If the opposition has money, both psychologically and in Koch form, on their side, what chance do climate advocates have? In a struggle to get people in the middle to care about getting meaningful, effectual climate legislation, what gives the pro-climate side any countervailing force?
Most powerfully, perceptible evidence of a changing climate. That is, the weather. Patrick Egan and Megan Mullin used nearly-random exposure to local temperature fluctuations to document the influence of weather on people’s attitudes towards climate change. Egan and Mullin found the relationship to be particularly strong among people who don’t identify with either extreme of the partisan spectrum. In other words, the perceptible evidence embodied in weather is most important to those in the middle—the people most critical to climate legislation.
As extreme weather events increase in frequency and intensity, public concern will naturally grow. But the pace at which the public shifts from a vague consensus that climate action is a nice idea to concerted demand for effectual legislation depends on how clearly people perceive these events as evidence of climate change. Unfortunately, climate scientists—the public’s most trusted source of information regarding climate change—have been muddying that perception and hindering the rate of change.
Though recently there have been calls from within the scientific community to stop the foot-shooting, climate scientists are often careful to note that attributing any single event to climate change is not possible. The insistence on probabilistic language is born from scrupulous dedication to scientific precision. But we have already altered the global climate system: in a climate-changed world, weather events are due to climate change with probability 1. To suggest otherwise is to pretend at precision and sow confusion.
So, to return to the climate legislation showdown: in a global crisis, with wild-eyed opponents armed to the teeth, climate scientists are holding the keys to the pro-climate arsenal. And with too few brave exceptions, scientists demur that they don’t get involved in war. Meanwhile, time is passing, and things keep getting worse. As Bill McKibben notes in his response to Theda Skocpol’s report, “In the end, the problem isn’t getting a bill through Congress. The problem is global warming.”
Climate scientists are in a unique position to speak to the public about climate change.

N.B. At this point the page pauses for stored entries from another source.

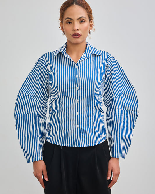 The Fitted Barrel Shirt with a Tie-Back Detail - Blue Stripped
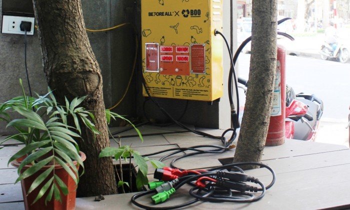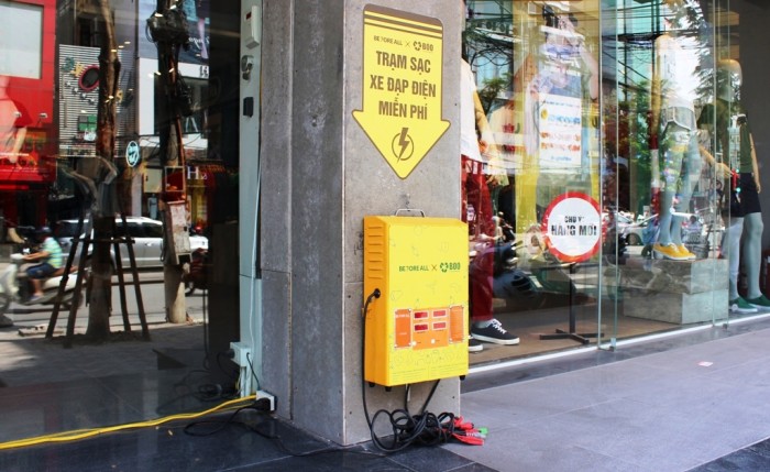 Điểm sạc điện miễn phí có đủ các loại đầu sạc của các dòng xe đạp điện khác nhau (Trạm sạc điện trên phố Bà Triệu).
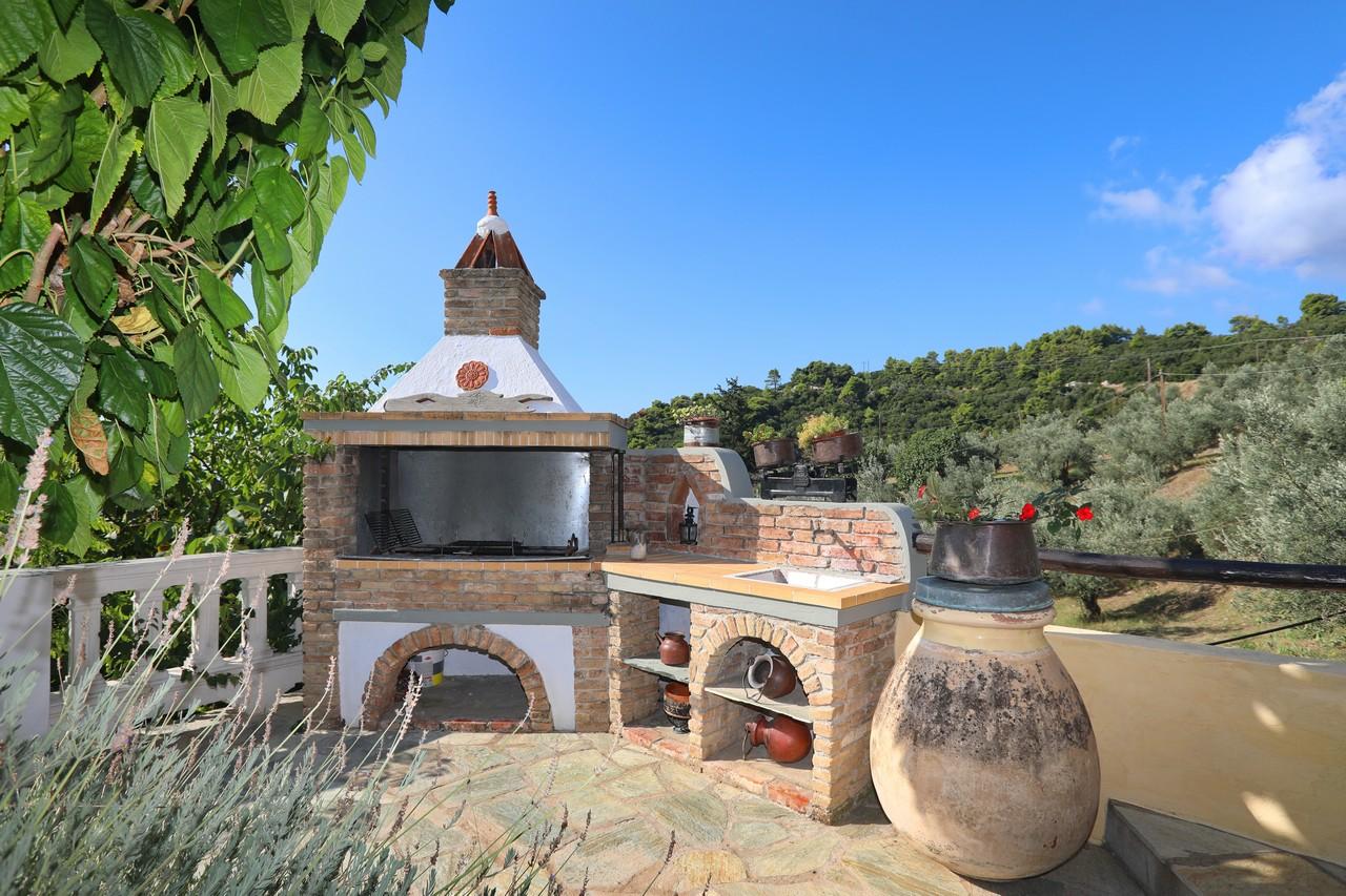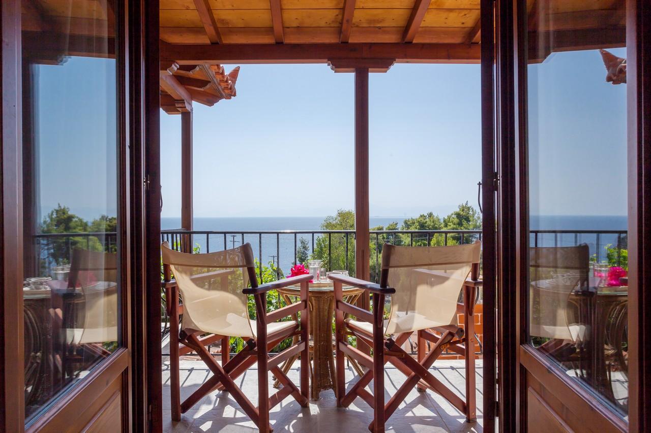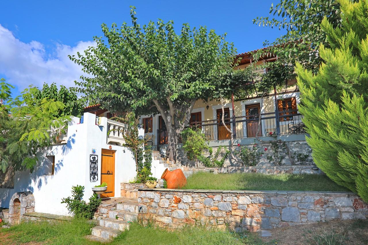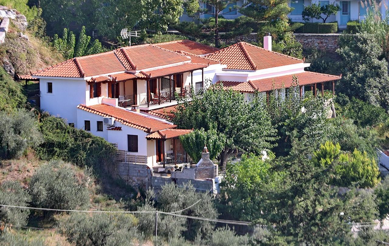 | Rodinný penzion v tradičním řeckém stylu je posazen v mírném svahu, což jeho hostům skýtá skutečně nádherné výhledy jak na moře, tak i na široké okolí. Okolí je porostlé hezkou zelení, která skýtá dosatek stínu. Celkově dům působí velice příjemně, je dobře udržovaný rodinou majitelů. Parování u penzionu je závislé na dostupnosti. |
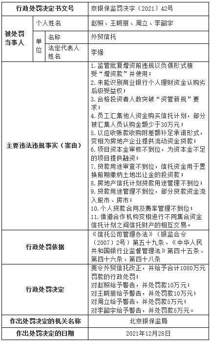 北京银保监局依据《信托公司管理办法》(银监会令〔2007〕2号)第五十九条、《中华人民共和国银行业监督管理法》第四十五条、第四十六条、第四十八条,责令外贸信托改正,并给予合计1080万元罚款的行政处罚;对相关责任人赵照给予警告,并处罚款10万元;对王晓丽给予警告,并处罚款10万元;对周立给予警告,并处罚款5万元;对李韶宇给予警告,并处罚款5万元。

Certainly other figures are influential—but no other figures are widely perceived as such trustworthy sources of information. And while climate scientists certainly contribute dramatically to the climate cause through their research alone, small advocacy efforts by these scientists could make a big difference in clarifying the public’s perception of climate change. Critically, invoking uncertainty when asked if climate change caused an extreme weather event conveys the wrong information. All weather events in a changed climatic system are a product of that system. Because weather is the only publicly perceptible evidence of climate change, confusion on this point needlessly delays the public’s realization that climate change is real cause for concern.
What else could help get the message across about the seriousness of climate change? The It Gets Better Project has been powerful. How about an “It’s Only Getting Worse” project—or more bluntly, a “Seriously, You Guys, It’s Time To Start Panicking” project? Webcam testimonials from climate scientists who grasp the danger of inaction, on-air statements by TV weather reporters, personal stories from people who have experienced the effects of extreme weather first hand: these voices could go far in getting regular people (sorry, enviros) to see they have good reason to be angry and afraid about government inaction on climate change.